11/27/2019, 10:06 a.m.
In an effort to help some of the neediest New Yorkers obtain farm fresh produce, restaurants in East and Central ...
A volunteer helps a client at the Bed-Stuy Campaign Against Hunger food pantry Cyril Josh Barker photo

In an effort to help some of the neediest New Yorkers obtain farm fresh produce, restaurants in East and Central Harlem are putting their money where their customers’ mouths are: they choose one item on their menu and every time someone orders that item, $0.25 $0.50 or $1.00 is donated to buy fresh produce from local and regional family farms for the smaller, less funded food pantries in the restaurant’s neighborhood.

Unemployment might be low, but NYC pantries and soup kitchens fed 5% more people in 2018 than the previous year.

According to Cathy Nonas, founder of Meals For Good, which coordinates the program, food insecurity is a real and devastating issue that affects 16% of NYC residents, and one in every five children. “Food insecurity,” she explains, is the “limited or uncertain availability of nutritionally adequate and safe foods” and is measured annually by the USDA.

Statistics show that approximately 30% of Harlem residents live in poverty, almost 50% are rent burdened, and the rate of diabetes is four times higher than

in midtown.

“Restaurants make good neighbors,” says Susannah Koteen, proprietor of Lido Restaurant in Harlem. “When restaurants do something like this—not just for a couple of weeks or a holiday, but for the long term—they are helping communities become stronger and healthier.

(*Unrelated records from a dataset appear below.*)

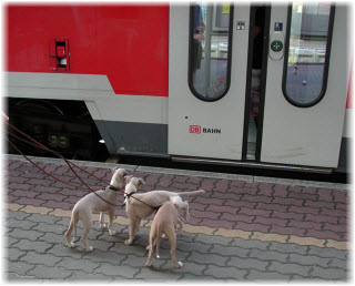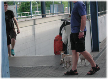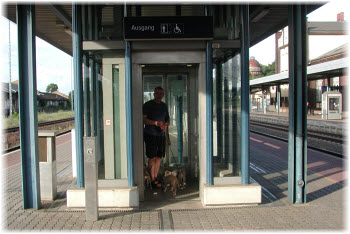 Die Lütten gehen mit in den Fahrstuhl. Bono entdeckt etwas Interessantes. | Auf dem anderen Bahnsteig. | |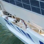 Ett antal båtar har förtöjt utanpå oss och en av dem, en katamaran råkade köra in i oss. Deras vassa hörn gjorde en ful skada i vår reling och stukade vårt mantåg. Att svetsa och måla här skulle ta för lång tid så vi skjuter upp det till vi är i Sverige men vi har gjort klart med ersättning och så.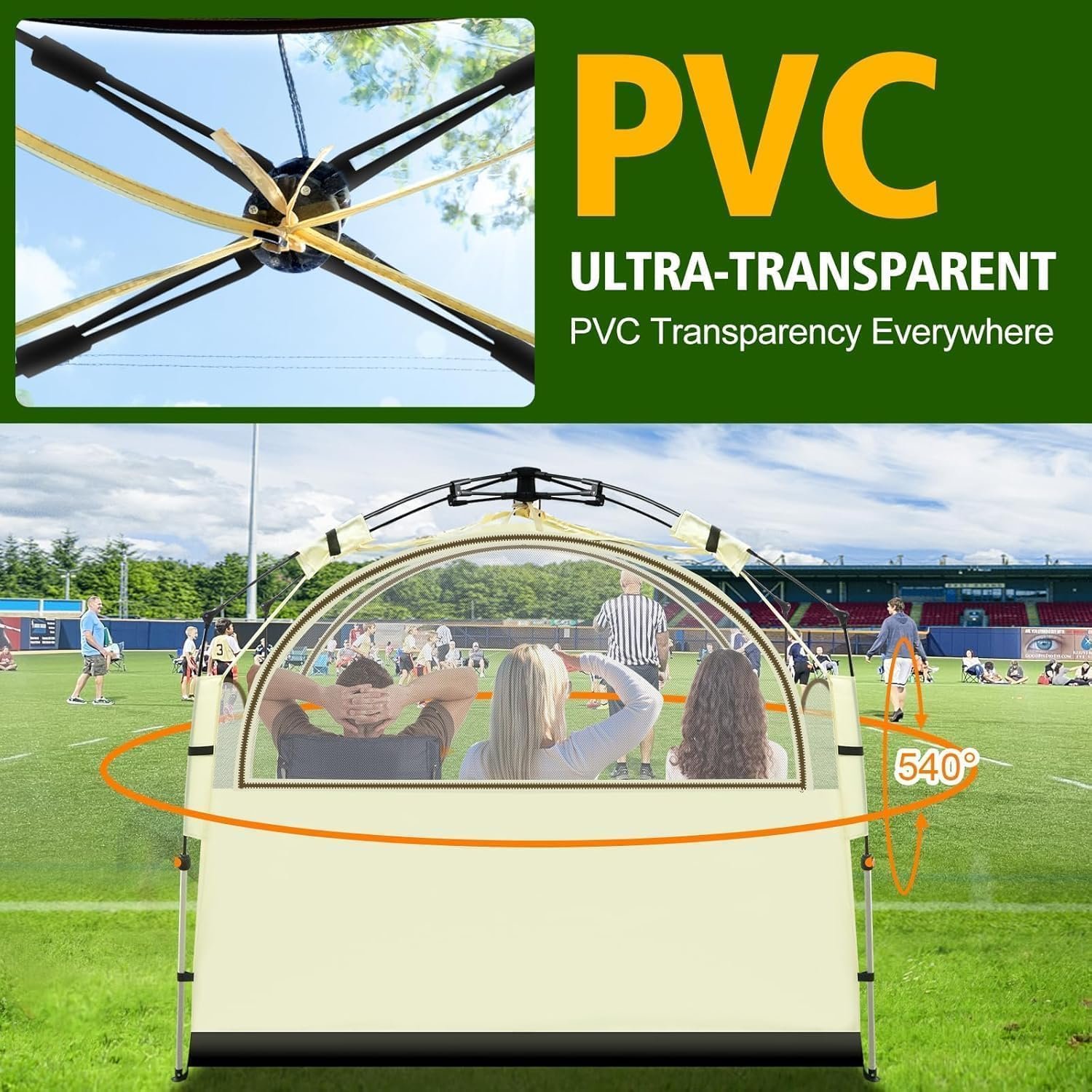 540° Ultra-clear Vision: The transparent bubble tent provides a 540-degree panoramic clear view, the double zipper PVC door allows you to clearly see the surrounding environment or beautiful scenery. Perfect for watching sports events, camping, hiking, fishing, photography, and outdoor movies.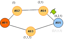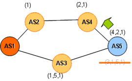 The AS Path is used as a path metric in BGP’s path selection algorithm. The default route selection metric in BGP is that of selection of the minimal length AS Path, with each AS in the path counting as a single unit of ‘cost’.  When a BGP speaker receives two or more advertisements for the same address prefix, the default selection mechanism is to prefer the advertisement with the minimal AS Path length. In the case of the example network in Figure 1, AS 5 will prefer to use the path via AS3 to reach the originating AS1, in preference to the longer path of AS4 then AS2.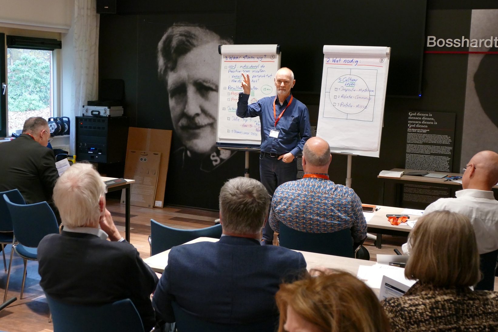 Paul Donders en het team van xpand verzorgden de workshop ‘Leiding geven aan een gezond en vrolijk team’. Daarin kwamen parochianen bijeen om een quickscan te maken van hun eigen parochie. Functioneert het team goed? Is er een gezamenlijk doel en een visie? De deelnemers konden al hun antwoorden invullen in een diagram en zo in één oogopslag zien hoe de parochie ervoor staat. Hoe definiëren we een team? Het pastorale team, het parochiebestuur, het secretariaat, het koor, de schoonmaakploeg… Dit zijn teams die werken in het grote geheel van de parochie. Een goed team werkt aan de hand van vijf elementen die Donders toelichtte: samenwerken, mensen winnen, visie bouwen, organiseren en cultuur leven. Met een sterk team, een duidelijke parochie visie en de juiste mensen op de juiste plek kunnen parochiegemeenschappen weer doen waarvoor ze bedoeld zijn: onze naasten helpen, evangeliseren en een hechte gemeenschap bieden die gastvrij is voor iedereen.
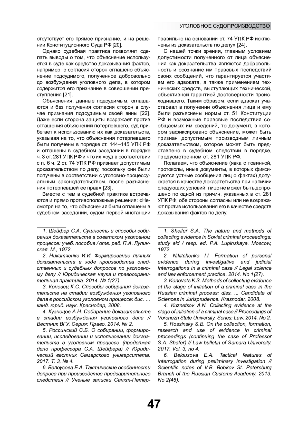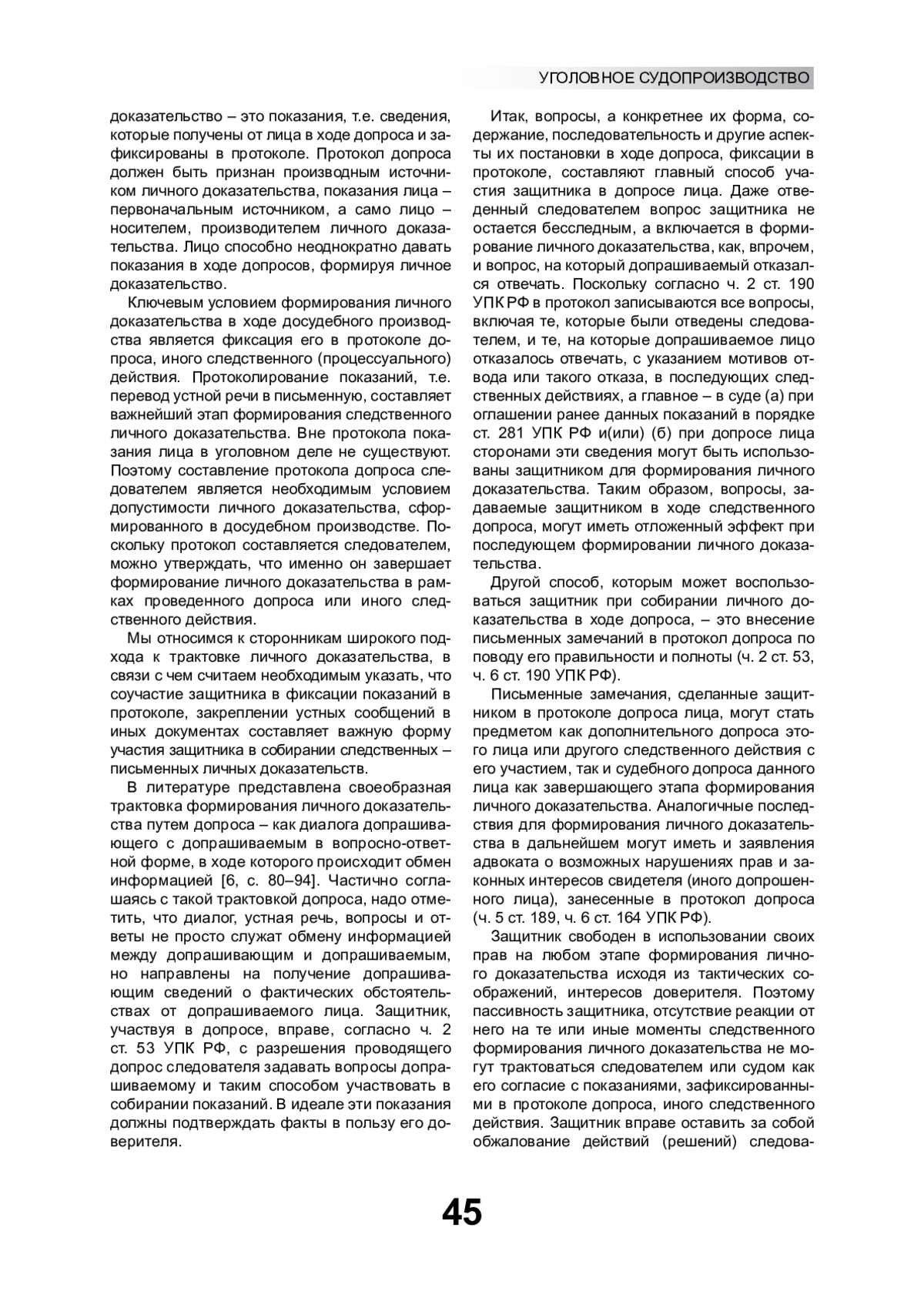 Статья: ФОРМЫ И СПОСОБЫ УЧАСТИЯ ЗАЩИТНИКА В ФОРМИРОВАНИИ ЛИЧНЫХ ДОКАЗАТЕЛЬСТВ НА ДОСУДЕБНЫХ СТАДИЯХ УГОЛОВНОГО ПРОЦЕССА (2025)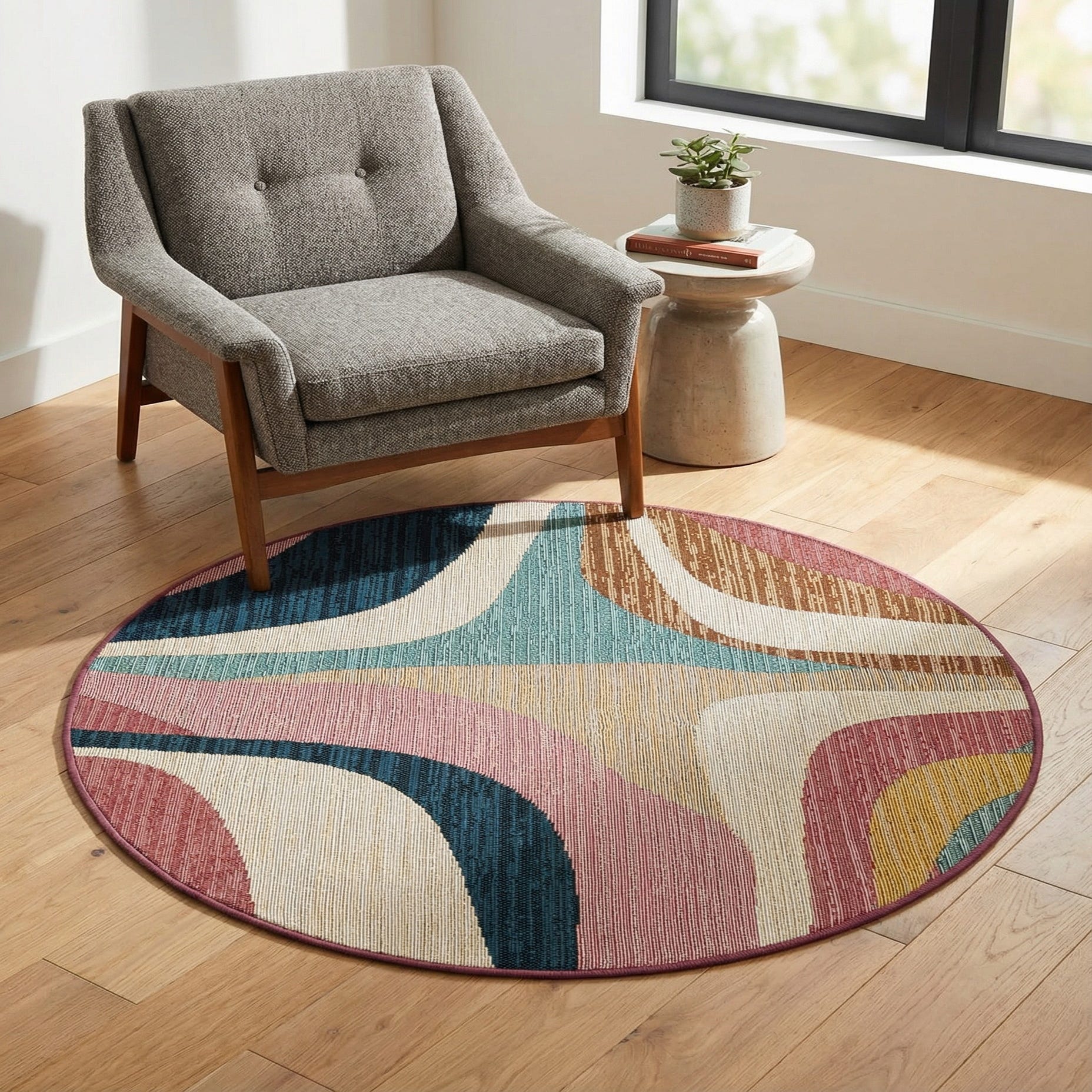 Primary image 3' x 3'  Washable Modern Indoor / Outdoor Round Rug

Local restaurants helping their local communities.”

These Harlem restaurants hire from the community, donate food to local churches, help schools fundraise, and support fair wage jobs. Each one has a unique history in the community and now they are adding to their good will with Meals For Good.

The restaurants include Babbalucci, Lido, Vinateria, Seasoned Vegan, Melba’s, Bsquared, RDV rendezvous, Harlem Tavern, Row House, Silvana, and Harlem Burger Co. There are others in East Harlem as well.

Based on the success of the Harlem initiative Meals For Good is now implementing plans to expand throughout the city. “Food insecurity is another name for poverty,” added Nonas, “and in the highest poverty households, families tend to do without more costly fresh food. Meals For Good is a creative way to help people obtain the healthy fresh produce they need.”